Given the unknowns it is difficult to see optimism any more logical than pessimism, and history makes the worst outcome seem far more likely than happier results. Nuclear power may not yet have resulted in Armageddon, but it didn't produce unmitigated successes either: it's been a dangerous tightrope walk between nuclear war that may yet produce a dramatic fall for us.
AI is a definite risk at best. Foolish optimism is as likely to accelerate the worst outcomes as delay them.
We're like toddlers playing with a loaded gun: it's far more likely to result in tragedy than producing food for the table. To benefit from a loaded firearm we'd need a thoughtful, lucky and trained hunter, while those playing unknowingly with the weapon will far more likely shoot someone even without intent.
I think the chess analogy is even more interesting, showing non-intuitive limits of superintelligence in this case.
A modern chess engine is to a human grandmaster is akin to what a human grandmaster to an amateur; the engine would decisively win against the GM and the GM would win against the amateur. Naively, one would expect even smarter engines to exist. But (I think; I don't think it is proven) the chain basically ends here! There is likely no super-engine that would often win against the current best engines. Most likely even a game-theoretically perfect oracle (god-like intelligence) would mostly draw against the modern engines. Famous AlphaZero vs Stockfish 8 result appears to contradict that claim, but in reality the difference between their strengths was about 50-100 elo (they mostly drew); not mentioning that Stockfish 8 was used not in full power mode (e.g. no beginning tables). Modern top engines mostly draw unless presented with artificially inbalanced positions or time limitations.

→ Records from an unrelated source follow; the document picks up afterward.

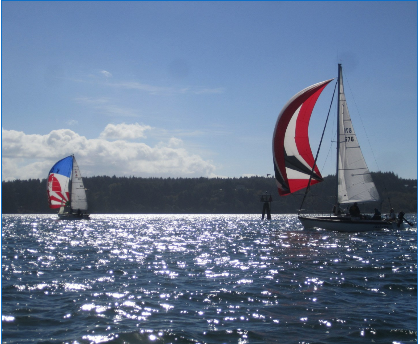
Summertime is here, and Wednesday evenings are best spent on the water....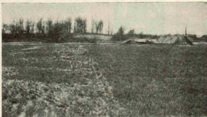
This Remarkable Turf produced in less than two months with Milorganite Seeded August 15th Photographed Oct. 5th

The first few weeks following seeding are most critical. In the presence of abundant plant food greater numbers of seedlings survive and a dense heavy turf results. In northern sections fertilized seedings make a heavier growth in the fall and can survive severe winter weather.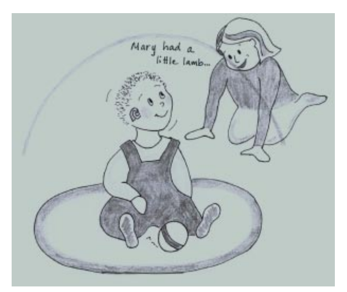
Determine the child's listening range

aware of other sensory input such as visual (movements/motion) or tactile (vibrations/feeling). When you are doing the listening activities you need to be <u>sure</u> that you are behind the child so that your baby cannot see you. Be sure your shadow is not visible or your breath or other vibrations are not felt by the child, causing a reaction, rather than the response being a specific auditory response. Doing the listening activities within six inches to three feet of your child will be the trickiest! Try to be consistent about how loud you make the noises as you present them at different distances. Your opinion based on watching your child respond to sound is important!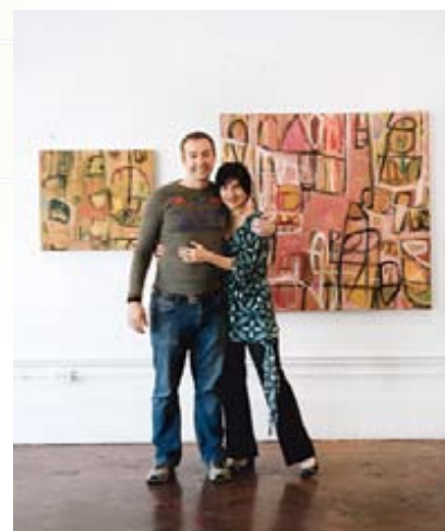
Have an art Decorazon Gallery promotes local artists.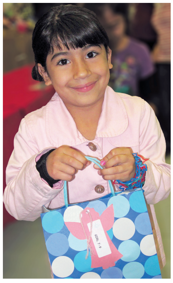
From practical gifts, like a new vacuum, to fun things for kids, like a Game Boy, the Adopt-A-Family program helped make Christmas for a record 900 disadvantaged families last year.

At the heart of the Adopt-A-Family program are those "family-to-family" experiences that keep people coming back year after year. Here are just a few of those stories.

I think that the chain of "chess intelligence" ends quite quickly not because the chess is solved (unlike tic-tac-toe, it will never be). The chess tree branches too rapidly to calculate in full, so the only method to play well is to "understand" and assess the position via its features (e.g. material, open files, etc). The features used by both engines and GMs are very complex, but it appears there is only so much to "understand" or intuit about any given position based on features unless you calculate ahead. In other words, chess contains some about of "irreducible complexity" that can't be cracked via pure understanding. You really need to combine your understanding with calculations. But the usefulness of calculations also mostly fizzles out after few levels of depths: it is simply too rare for a position to contain a long unexpected brilliant path containing tricky only-moves. This leads to a current situation where "good enough understanding" combined with "deep enough calculations" gives you a game close enough to game-theoretical optimal to secure the draw most of the times - not being remotely close to a perfect oracle.
So even such a simple game as chess shows irreducible complexity phenomena, leading to the limits of intelligence in this domain.